---------- Records supplied ----------
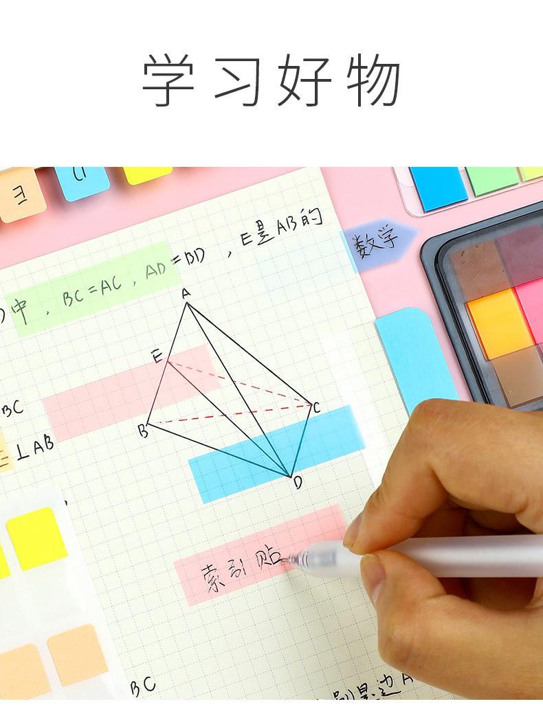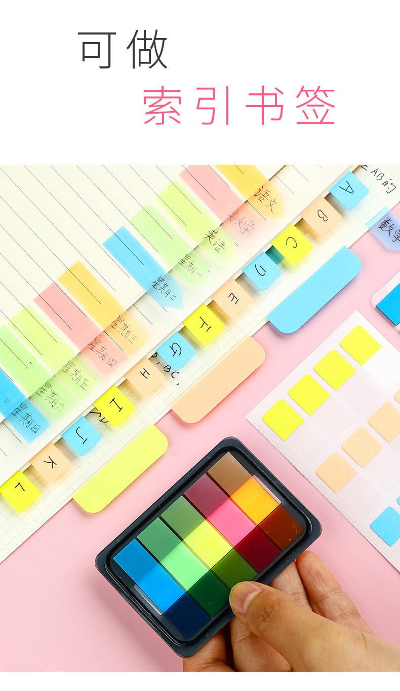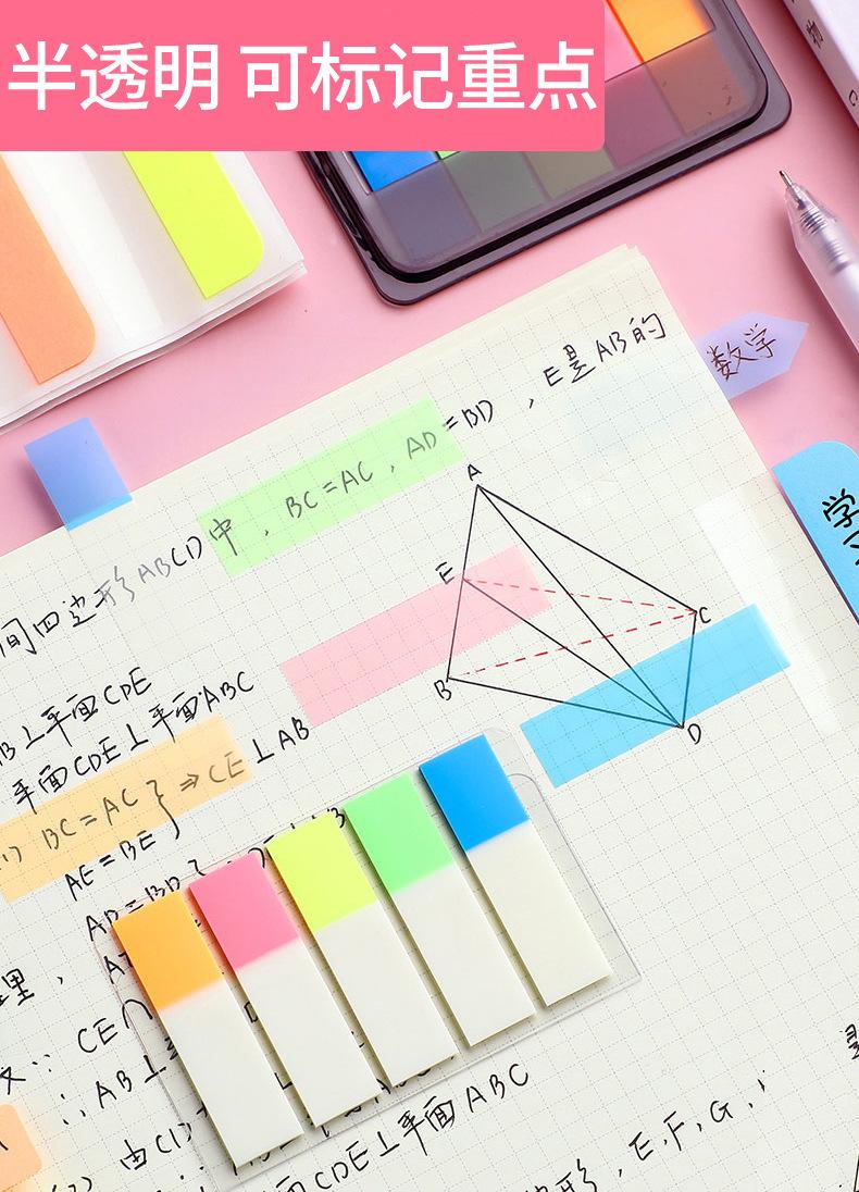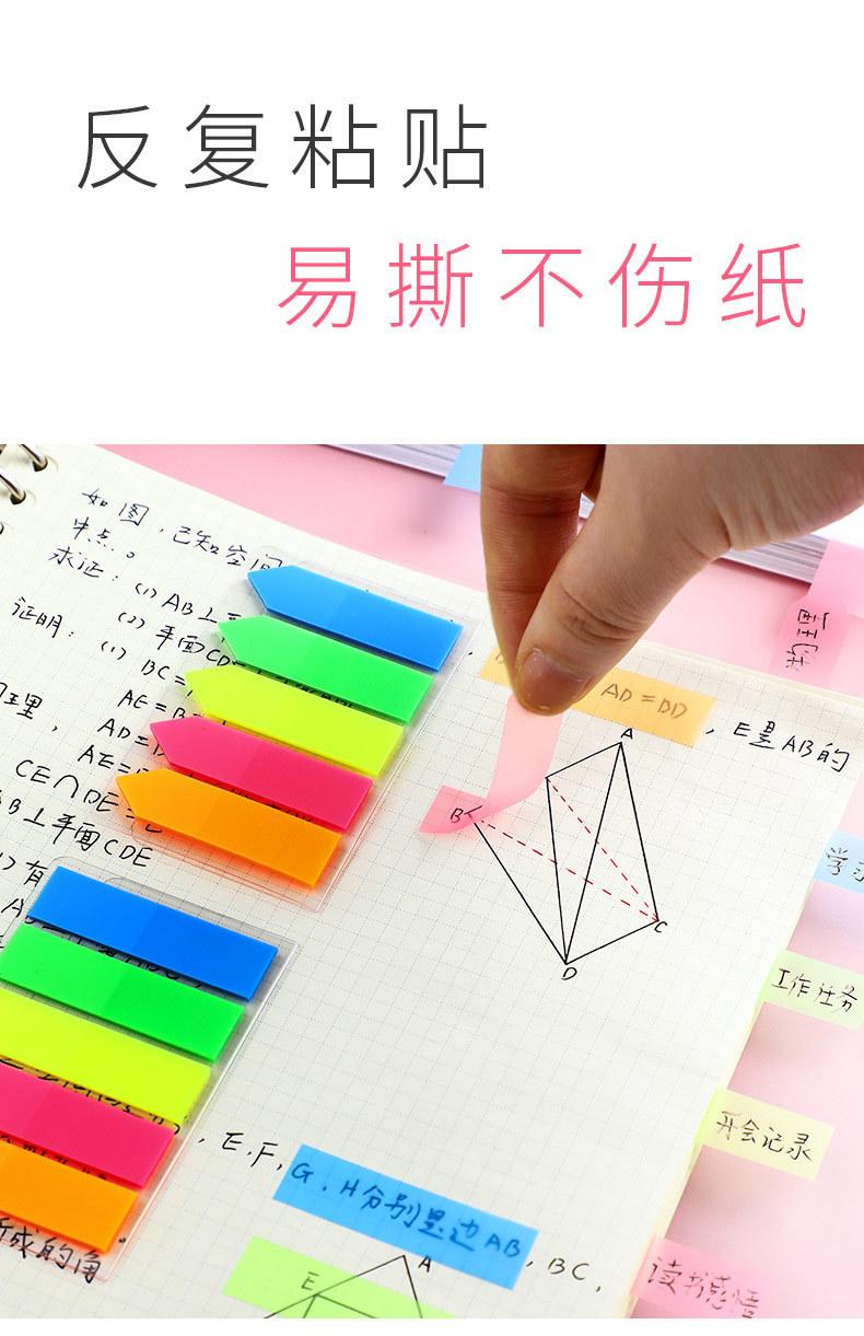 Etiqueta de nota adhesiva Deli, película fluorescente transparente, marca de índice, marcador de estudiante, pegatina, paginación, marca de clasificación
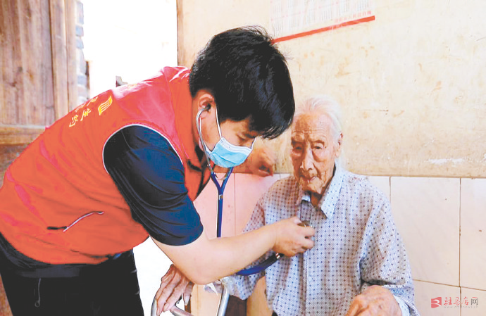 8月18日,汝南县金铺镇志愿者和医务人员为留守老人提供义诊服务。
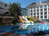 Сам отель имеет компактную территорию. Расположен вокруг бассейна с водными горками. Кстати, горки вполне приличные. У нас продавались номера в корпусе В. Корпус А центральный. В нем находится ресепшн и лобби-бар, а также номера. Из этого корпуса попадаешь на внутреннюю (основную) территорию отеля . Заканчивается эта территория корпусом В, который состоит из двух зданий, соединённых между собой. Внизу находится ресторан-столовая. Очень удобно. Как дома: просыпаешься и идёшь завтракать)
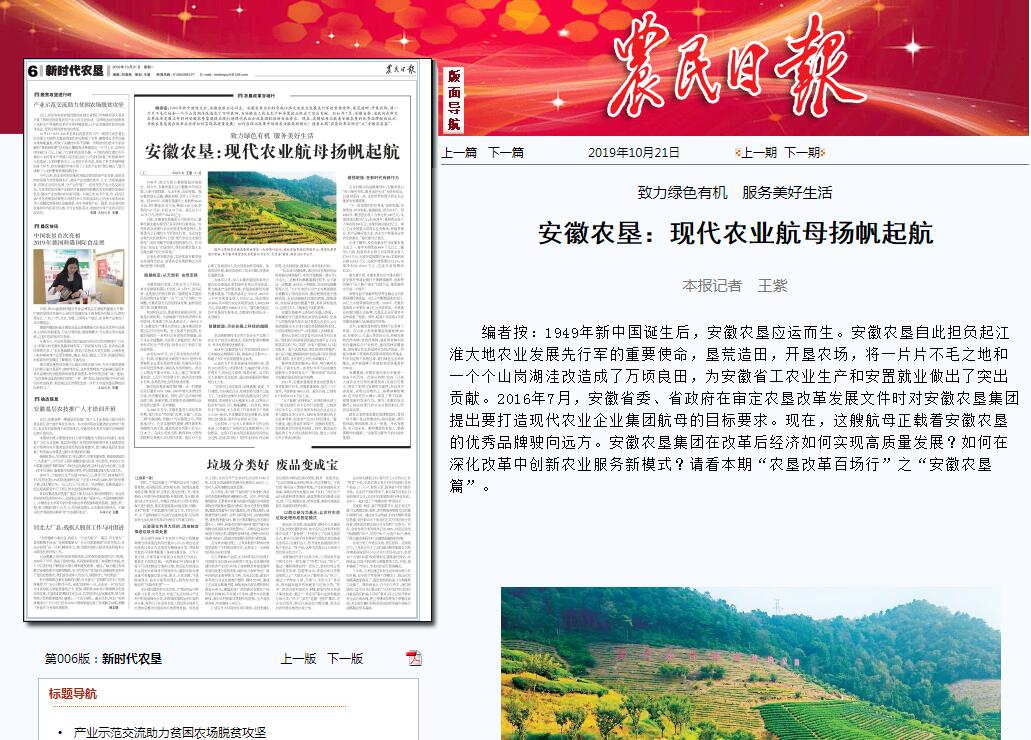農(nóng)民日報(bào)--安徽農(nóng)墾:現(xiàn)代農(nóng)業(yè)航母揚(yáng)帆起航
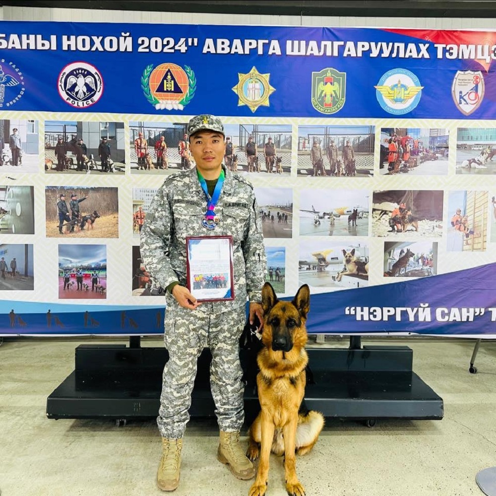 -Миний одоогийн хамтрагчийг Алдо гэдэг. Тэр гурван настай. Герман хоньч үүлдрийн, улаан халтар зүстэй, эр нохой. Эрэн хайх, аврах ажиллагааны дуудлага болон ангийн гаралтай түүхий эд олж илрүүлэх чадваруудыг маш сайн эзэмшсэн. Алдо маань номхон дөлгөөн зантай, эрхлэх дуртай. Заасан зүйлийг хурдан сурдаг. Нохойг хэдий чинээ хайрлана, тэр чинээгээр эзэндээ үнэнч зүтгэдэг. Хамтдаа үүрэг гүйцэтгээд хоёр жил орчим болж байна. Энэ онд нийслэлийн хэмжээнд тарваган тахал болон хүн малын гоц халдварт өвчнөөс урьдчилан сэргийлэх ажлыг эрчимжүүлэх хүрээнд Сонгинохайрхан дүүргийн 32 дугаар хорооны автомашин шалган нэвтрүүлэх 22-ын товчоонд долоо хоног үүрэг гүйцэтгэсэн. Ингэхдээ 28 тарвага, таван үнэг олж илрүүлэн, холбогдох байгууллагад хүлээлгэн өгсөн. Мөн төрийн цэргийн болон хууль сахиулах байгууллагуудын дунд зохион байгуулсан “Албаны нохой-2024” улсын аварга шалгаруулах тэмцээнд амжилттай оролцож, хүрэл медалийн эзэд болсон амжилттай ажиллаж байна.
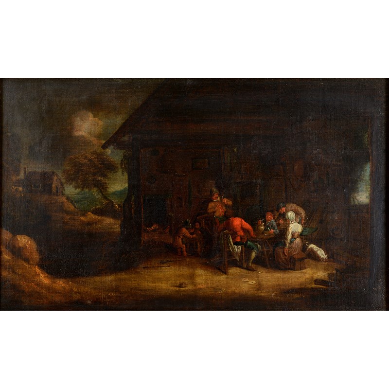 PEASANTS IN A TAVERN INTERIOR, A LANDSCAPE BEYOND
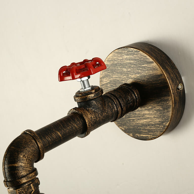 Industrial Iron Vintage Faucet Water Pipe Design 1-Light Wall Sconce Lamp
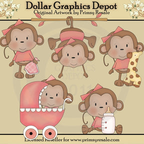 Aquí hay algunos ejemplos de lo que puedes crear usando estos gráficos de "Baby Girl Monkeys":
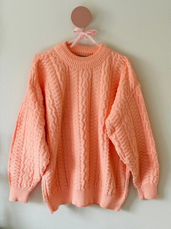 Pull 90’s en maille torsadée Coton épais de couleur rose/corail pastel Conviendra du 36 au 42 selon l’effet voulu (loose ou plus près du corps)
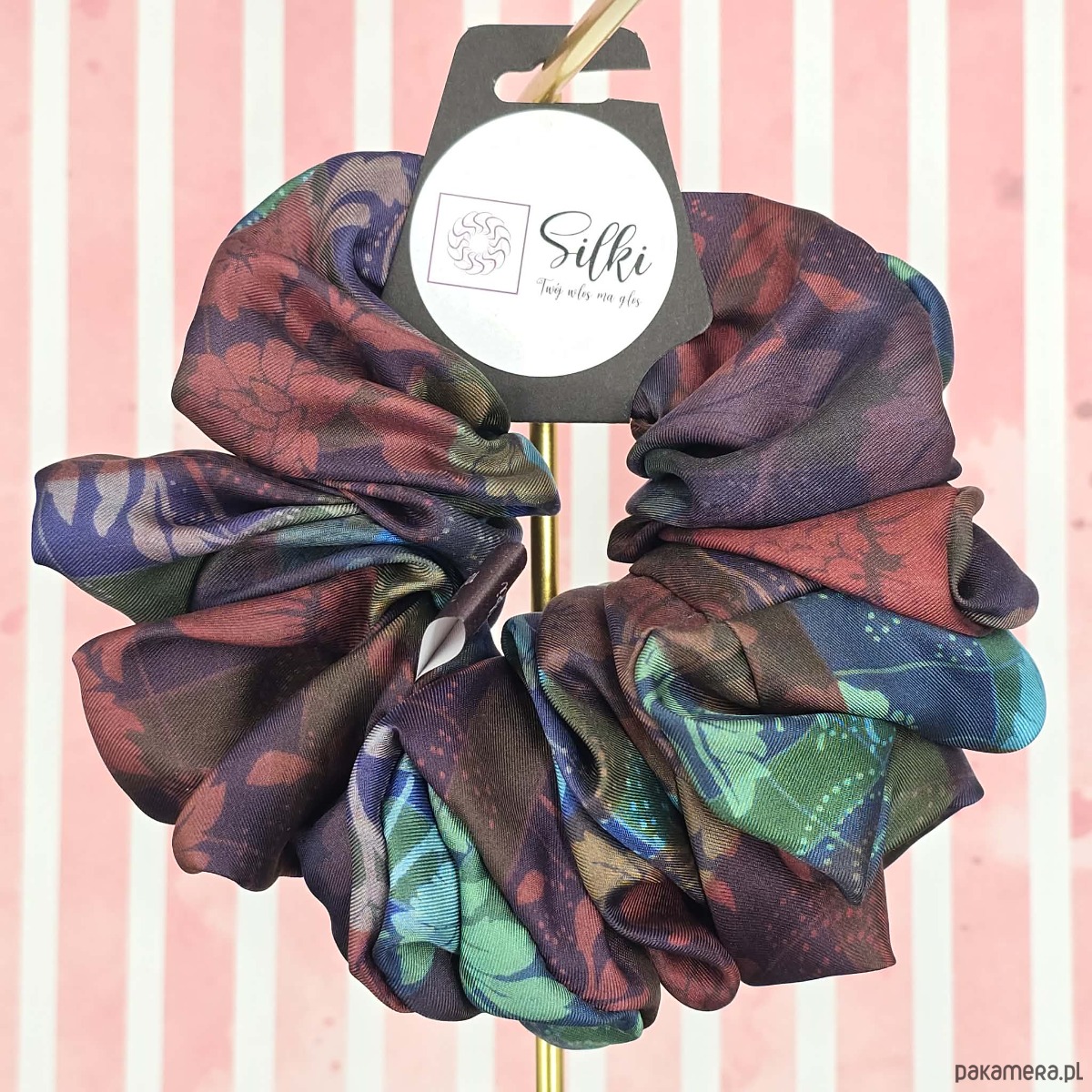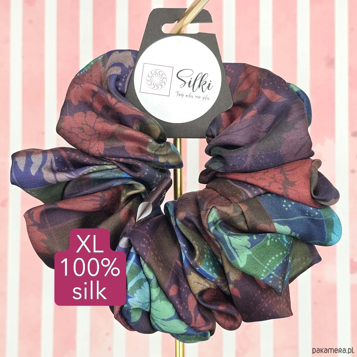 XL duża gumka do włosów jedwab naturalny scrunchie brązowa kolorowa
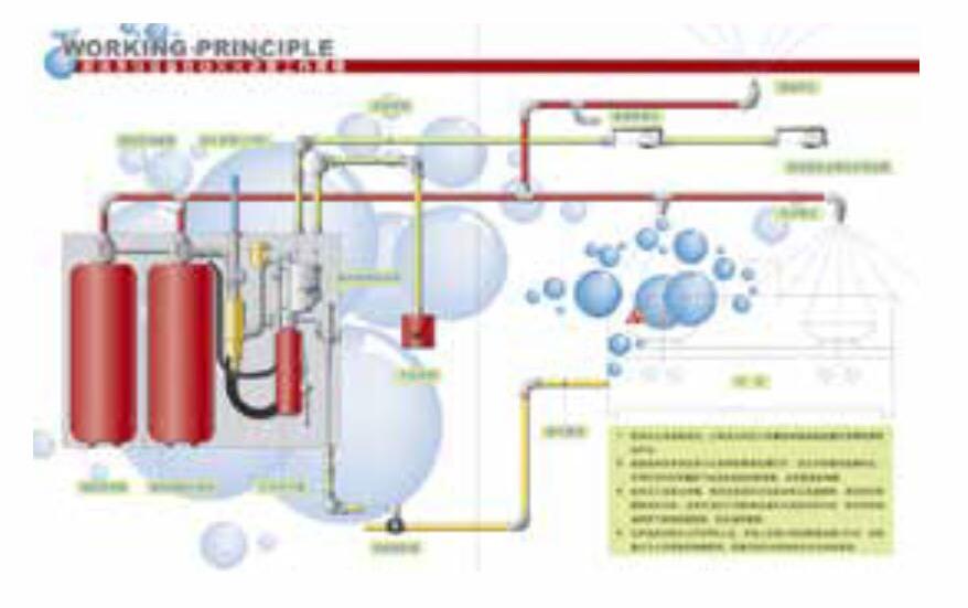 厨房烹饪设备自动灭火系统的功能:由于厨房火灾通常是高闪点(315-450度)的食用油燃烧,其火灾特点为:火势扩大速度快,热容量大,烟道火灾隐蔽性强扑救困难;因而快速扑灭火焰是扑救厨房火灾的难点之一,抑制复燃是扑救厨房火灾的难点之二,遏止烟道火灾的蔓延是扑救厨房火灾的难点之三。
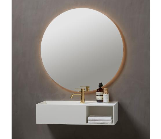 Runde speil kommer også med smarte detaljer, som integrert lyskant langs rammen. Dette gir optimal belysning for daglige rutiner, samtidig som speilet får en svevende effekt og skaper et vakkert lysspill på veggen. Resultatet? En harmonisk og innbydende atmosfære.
----------
Activity: Copy the records above exactly. The pictures are not part of the copy.

Answer section:
 Etiqueta de nota adhesiva Deli, película fluorescente transparente, marca de índice, marcador de estudiante, pegatina, paginación, marca de clasificación
 8月18日,汝南县金铺镇志愿者和医务人员为留守老人提供义诊服务。
 Сам отель имеет компактную территорию. Расположен вокруг бассейна с водными горками. Кстати, горки вполне приличные. У нас продавались номера в корпусе В. Корпус А центральный. В нем находится ресепшн и лобби-бар, а также номера. Из этого корпуса попадаешь на внутреннюю (основную) территорию отеля . Заканчивается эта территория корпусом В, который состоит из двух зданий, соединённых между собой. Внизу находится ресторан-столовая. Очень удобно. Как дома: просыпаешься и идёшь завтракать)
農(nóng)民日報(bào)--安徽農(nóng)墾:現(xiàn)代農(nóng)業(yè)航母揚(yáng)帆起航
 -Миний одоогийн хамтрагчийг Алдо гэдэг. Тэр гурван настай. Герман хоньч үүлдрийн, улаан халтар зүстэй, эр нохой. Эрэн хайх, аврах ажиллагааны дуудлага болон ангийн гаралтай түүхий эд олж илрүүлэх чадваруудыг маш сайн эзэмшсэн. Алдо маань номхон дөлгөөн зантай, эрхлэх дуртай. Заасан зүйлийг хурдан сурдаг. Нохойг хэдий чинээ хайрлана, тэр чинээгээр эзэндээ үнэнч зүтгэдэг. Хамтдаа үүрэг гүйцэтгээд хоёр жил орчим болж байна. Энэ онд нийслэлийн хэмжээнд тарваган тахал болон хүн малын гоц халдварт өвчнөөс урьдчилан сэргийлэх ажлыг эрчимжүүлэх хүрээнд Сонгинохайрхан дүүргийн 32 дугаар хорооны автомашин шалган нэвтрүүлэх 22-ын товчоонд долоо хоног үүрэг гүйцэтгэсэн. Ингэхдээ 28 тарвага, таван үнэг олж илрүүлэн, холбогдох байгууллагад хүлээлгэн өгсөн. Мөн төрийн цэргийн болон хууль сахиулах байгууллагуудын дунд зохион байгуулсан “Албаны нохой-2024” улсын аварга шалгаруулах тэмцээнд амжилттай оролцож, хүрэл медалийн эзэд болсон амжилттай ажиллаж байна.
 PEASANTS IN A TAVERN INTERIOR, A LANDSCAPE BEYOND
 Industrial Iron Vintage Faucet Water Pipe Design 1-Light Wall Sconce Lamp
 Aquí hay algunos ejemplos de lo que puedes crear usando estos gráficos de "Baby Girl Monkeys":
 Pull 90’s en maille torsadée Coton épais de couleur rose/corail pastel Conviendra du 36 au 42 selon l’effet voulu (loose ou plus près du corps)
 XL duża gumka do włosów jedwab naturalny scrunchie brązowa kolorowa
 厨房烹饪设备自动灭火系统的功能:由于厨房火灾通常是高闪点(315-450度)的食用油燃烧,其火灾特点为:火势扩大速度快,热容量大,烟道火灾隐蔽性强扑救困难;因而快速扑灭火焰是扑救厨房火灾的难点之一,抑制复燃是扑救厨房火灾的难点之二,遏止烟道火灾的蔓延是扑救厨房火灾的难点之三。
 Runde speil kommer også med smarte detaljer, som integrert lyskant langs rammen. Dette gir optimal belysning for daglige rutiner, samtidig som speilet får en svevende effekt og skaper et vakkert lysspill på veggen. Resultatet? En harmonisk og innbydende atmosfære.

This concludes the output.